Saturday, July 26, 2008

A little reading

I have been reading books on the war that last few months. mainly books written about the families. Being on the Care Team here is something that I really want to do. Up until we moves here I was very active in everything. when we got here I was very pregnant and just didn't like the FRG. During the first deployment we bought a house off post and I kept to myself away from all the drama of the going on's. Our 1Sgt wife is the Care Team leader and I was asked if I wanted to be on it. I have a problem saying no. Anyway we have been doing our training and that has included role playing. It has been hard to do because you know it is not real. That brings me to reading the books. I just finished the book The Long Road Home.

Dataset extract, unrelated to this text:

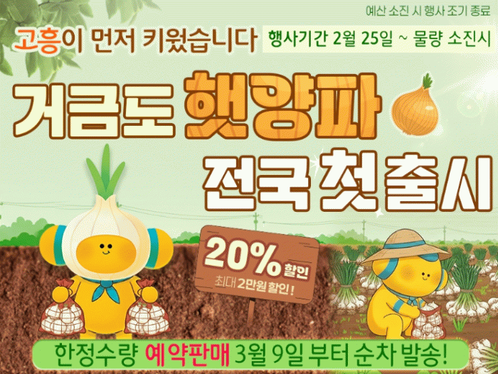 고흥몰 관계자는“거금도 조생종 햇양파는 고흥의 봄을 가장 먼저 알리는 대표 농산물”이라며“산지의 신선함을 그대로 전하고자 예약 판매 방식으로 준비했으며, 한정 수량 20% 할인 혜택을 통해 보다 합리적인 가격에 만나보실 수 있다”고 말했다.

There were several pages in the book about the Care Team at Fort Hood being activated in April 2003 or better known as "Black Sunday" I cried through most of it but it really gave me an insight as to how the care team that goes into a move felt when they went in. I can pray that our Care Team here is never activated, but like my husband always tells me " I can tell myself that all my men will come home but I would be lieing to myself knowing that I will lose someone" I know cant even begin to tell him I understand how you feel and the burden that he carries.
We do not talk about the deployment. Not ever! Sometimes I really wish that he would. all I can do is say a prayer every minute of the day that when he is over there that he comes home to us. I find no comfort in the up coming deployment. I know no matter what I do to keep busy I wont deal well it all. Others my think and I have it all together and can deal very well with deployments. That I don't need others help and can do just fine. Little do they know what really goes on behind closed doors or at the end of the day when it is so very cold and very dark out. I cry myself to sleep, sleep that never really comes. I jump every time I hear car. I jump in the middle of the night when the phone rings. Waiting before I answer, thinking who in the hell would be calling at this hour, other then someone to say my husband has been hurt. Then after answering it hearing his every tired voice say "hi darlin" and then everything is okay for the time being......I still cant believe that in a few weeks he will not be at home, he will be other there.....

Thursday, July 24, 2008

1 Month 23 Days Until Boots in the Sand AGAIN...

M has been gone at NTC for what seems like forever. It has really only been about 3 weeks. Now that really isn't that long. The kids and I have tried to keep busy. I have been busy with care team meetings. I still wonder how I am going to do it if the time comes. I cant help but think it is going to be me who will need the care team. God I hope not!!! I still don't know how to deal with this up coming deployment. I just don't want to!!! I put up a good front to all that it is really not that hard and no big deal. Ya right.....

Saturday, July 5, 2008

It has been a long time

Well M left for NTC 430am on the 4Th of July. This was all a flash back from the first deployment. I took him to the until about noon on the 3rd. Okay on big deal it is only for a month. It was a very long day with the kids. All the flash backs of hating having to be a single parent again. Now I know he had only been gone about 12 hours when I get a call about 11pm that night "guess where I am" the plane never left! It had broke down and they were all sitting in the bus on the runway waiting for it be fixed after a few hours when it couldn't they were all sent home for 4 hours. It was nice to have him home for at least a few hours again.

I know that this deployment is going to be HELL!!! I don't want to do it!!I don't want to deal with it. I don't have a good feeling about it!! I want m to come home!! I want to retire from the military and get on with life and normal life..well at least what ever normal is! I cant do the bath times, homework,weekends,household up keep on my own again. Yes I have done this a few times but I remember so clearly how it really was. Even though when ask oh yes we are fine it is not big deal. When really inside I am falling apart. I don't fall apart in front of the kids. I wait until they are all a sleep. UGH...UGH...UGH.. if I was a drinker I would have a drink...
If anyone reads this what do you do to deal with all this????